* _DATASET CONTENT_:

##########

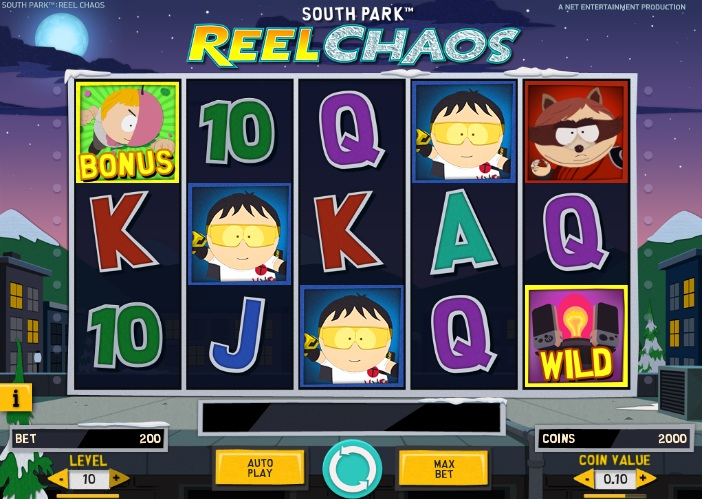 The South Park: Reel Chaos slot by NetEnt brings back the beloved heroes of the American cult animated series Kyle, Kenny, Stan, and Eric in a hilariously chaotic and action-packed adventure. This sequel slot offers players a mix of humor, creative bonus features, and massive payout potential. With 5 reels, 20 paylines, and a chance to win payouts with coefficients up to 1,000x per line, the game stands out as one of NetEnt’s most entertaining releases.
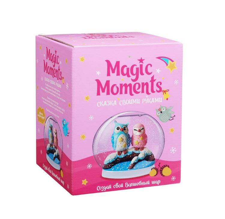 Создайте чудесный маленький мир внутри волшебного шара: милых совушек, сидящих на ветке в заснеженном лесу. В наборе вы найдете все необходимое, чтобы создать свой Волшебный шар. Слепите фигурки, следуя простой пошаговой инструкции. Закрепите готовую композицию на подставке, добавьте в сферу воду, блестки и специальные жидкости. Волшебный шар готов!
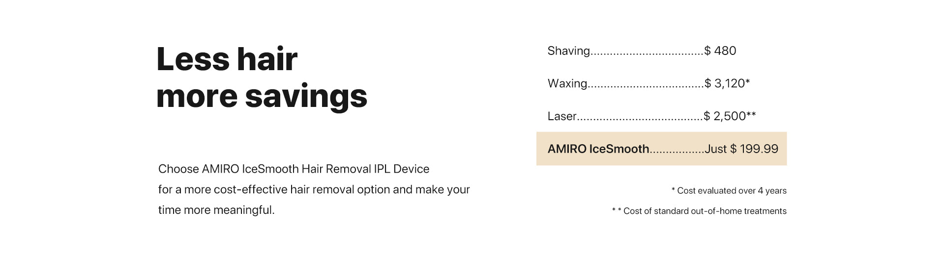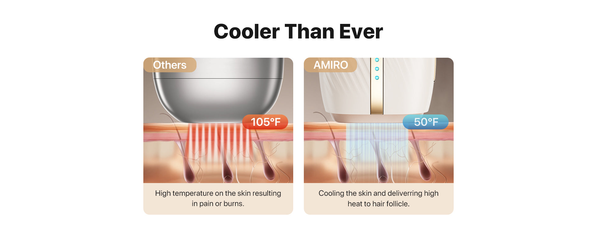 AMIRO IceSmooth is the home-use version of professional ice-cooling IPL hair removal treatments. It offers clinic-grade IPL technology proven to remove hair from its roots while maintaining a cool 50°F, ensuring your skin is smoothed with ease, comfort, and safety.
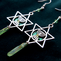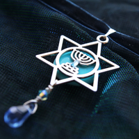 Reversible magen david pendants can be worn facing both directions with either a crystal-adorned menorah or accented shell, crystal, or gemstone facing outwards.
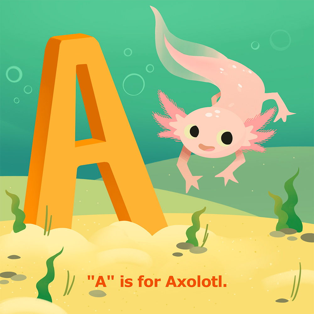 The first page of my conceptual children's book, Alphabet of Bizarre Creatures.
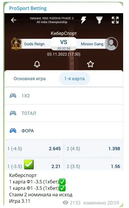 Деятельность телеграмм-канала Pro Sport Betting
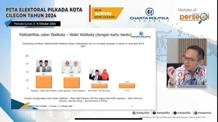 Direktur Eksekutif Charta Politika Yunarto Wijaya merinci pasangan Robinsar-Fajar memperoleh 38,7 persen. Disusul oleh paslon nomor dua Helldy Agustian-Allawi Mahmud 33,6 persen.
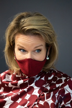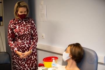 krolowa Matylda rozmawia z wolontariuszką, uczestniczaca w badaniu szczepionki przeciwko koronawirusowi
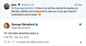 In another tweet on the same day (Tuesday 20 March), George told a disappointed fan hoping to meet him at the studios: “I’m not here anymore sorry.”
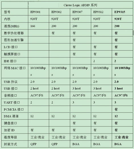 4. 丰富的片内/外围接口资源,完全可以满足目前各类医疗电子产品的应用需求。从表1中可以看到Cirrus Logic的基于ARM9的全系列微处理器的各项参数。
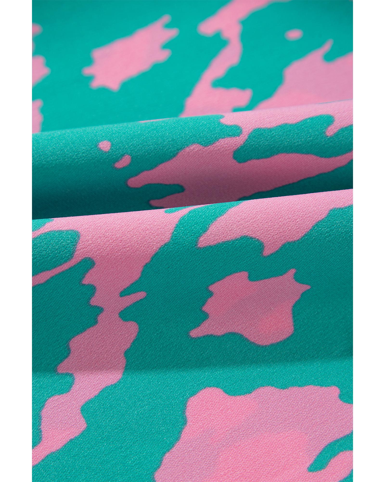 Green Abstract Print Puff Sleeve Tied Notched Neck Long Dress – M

##########

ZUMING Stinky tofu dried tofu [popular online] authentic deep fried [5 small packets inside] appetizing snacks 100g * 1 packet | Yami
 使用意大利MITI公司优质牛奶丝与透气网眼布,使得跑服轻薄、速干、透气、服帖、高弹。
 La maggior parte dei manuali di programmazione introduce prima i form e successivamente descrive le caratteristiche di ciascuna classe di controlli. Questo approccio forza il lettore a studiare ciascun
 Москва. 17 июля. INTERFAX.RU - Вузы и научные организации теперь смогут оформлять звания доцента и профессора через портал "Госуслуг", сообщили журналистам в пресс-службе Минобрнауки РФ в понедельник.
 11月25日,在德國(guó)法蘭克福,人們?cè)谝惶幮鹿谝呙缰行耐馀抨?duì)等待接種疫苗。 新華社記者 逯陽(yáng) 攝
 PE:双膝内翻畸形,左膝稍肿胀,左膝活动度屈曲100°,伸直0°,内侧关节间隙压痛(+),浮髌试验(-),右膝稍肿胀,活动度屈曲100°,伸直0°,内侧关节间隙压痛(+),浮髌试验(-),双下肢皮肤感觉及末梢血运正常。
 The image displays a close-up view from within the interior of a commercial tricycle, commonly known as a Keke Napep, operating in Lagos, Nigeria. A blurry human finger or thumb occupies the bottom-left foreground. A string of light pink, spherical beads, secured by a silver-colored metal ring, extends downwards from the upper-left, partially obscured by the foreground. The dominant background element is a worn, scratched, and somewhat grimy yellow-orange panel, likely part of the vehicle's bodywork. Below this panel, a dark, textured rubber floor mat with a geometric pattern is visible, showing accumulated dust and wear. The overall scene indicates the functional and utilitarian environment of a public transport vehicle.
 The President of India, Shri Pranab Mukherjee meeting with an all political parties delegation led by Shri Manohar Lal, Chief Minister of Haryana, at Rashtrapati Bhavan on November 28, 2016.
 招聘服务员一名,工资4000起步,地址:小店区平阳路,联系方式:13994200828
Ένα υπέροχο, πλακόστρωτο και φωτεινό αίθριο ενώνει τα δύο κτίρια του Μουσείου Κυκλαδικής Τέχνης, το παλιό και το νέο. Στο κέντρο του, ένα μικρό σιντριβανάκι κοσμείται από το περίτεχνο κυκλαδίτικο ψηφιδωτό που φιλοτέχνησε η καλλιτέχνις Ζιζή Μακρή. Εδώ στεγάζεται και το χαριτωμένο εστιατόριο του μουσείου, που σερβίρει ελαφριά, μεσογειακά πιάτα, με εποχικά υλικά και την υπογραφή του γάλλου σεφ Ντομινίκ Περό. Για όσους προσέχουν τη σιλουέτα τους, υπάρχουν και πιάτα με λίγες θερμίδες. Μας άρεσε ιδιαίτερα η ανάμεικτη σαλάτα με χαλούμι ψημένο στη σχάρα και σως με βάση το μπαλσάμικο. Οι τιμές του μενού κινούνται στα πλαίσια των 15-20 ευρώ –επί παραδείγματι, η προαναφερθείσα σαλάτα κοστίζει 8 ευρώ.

##########

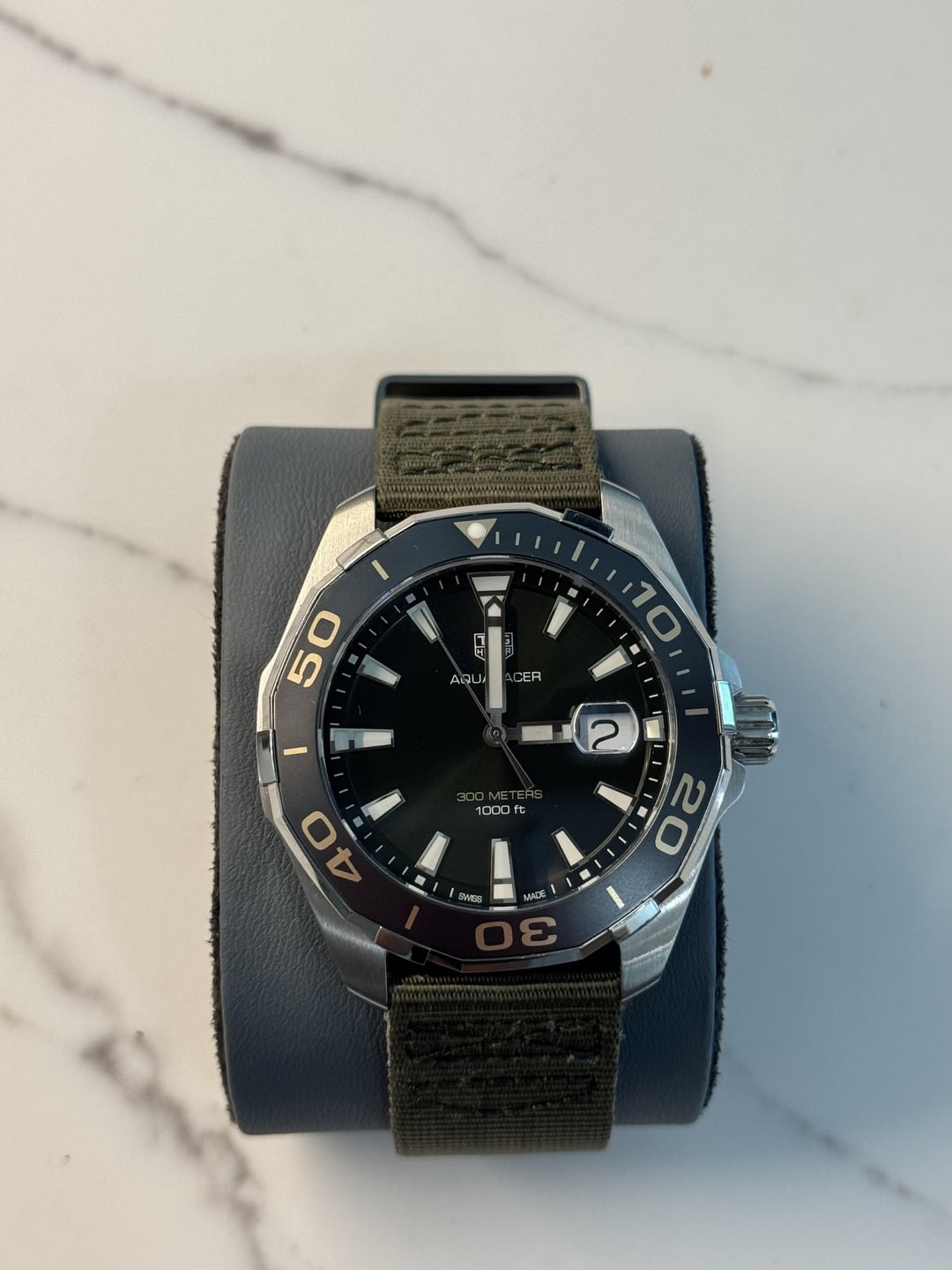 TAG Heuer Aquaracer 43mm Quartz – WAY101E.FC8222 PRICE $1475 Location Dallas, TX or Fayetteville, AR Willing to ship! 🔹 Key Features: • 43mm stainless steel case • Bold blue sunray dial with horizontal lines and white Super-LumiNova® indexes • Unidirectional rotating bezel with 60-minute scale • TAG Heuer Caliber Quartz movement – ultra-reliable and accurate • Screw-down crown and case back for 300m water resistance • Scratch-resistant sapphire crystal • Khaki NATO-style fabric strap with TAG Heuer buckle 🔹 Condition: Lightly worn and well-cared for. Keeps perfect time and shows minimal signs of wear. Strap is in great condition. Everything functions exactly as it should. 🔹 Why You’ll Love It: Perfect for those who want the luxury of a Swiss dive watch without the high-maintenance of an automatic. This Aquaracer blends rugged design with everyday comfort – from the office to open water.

##########

* _INSTRUCTIONS FOR THE TASK_: From the line with "AMIRO IceSmooth is" up to and including the line with "Reversible magen david" above, retype every line exactly and nothing more; leave out the pictures.

* _YOUR RESPONSE_:
 AMIRO IceSmooth is the home-use version of professional ice-cooling IPL hair removal treatments. It offers clinic-grade IPL technology proven to remove hair from its roots while maintaining a cool 50°F, ensuring your skin is smoothed with ease, comfort, and safety.
 Reversible magen david pendants can be worn facing both directions with either a crystal-adorned menorah or accented shell, crystal, or gemstone facing outwards.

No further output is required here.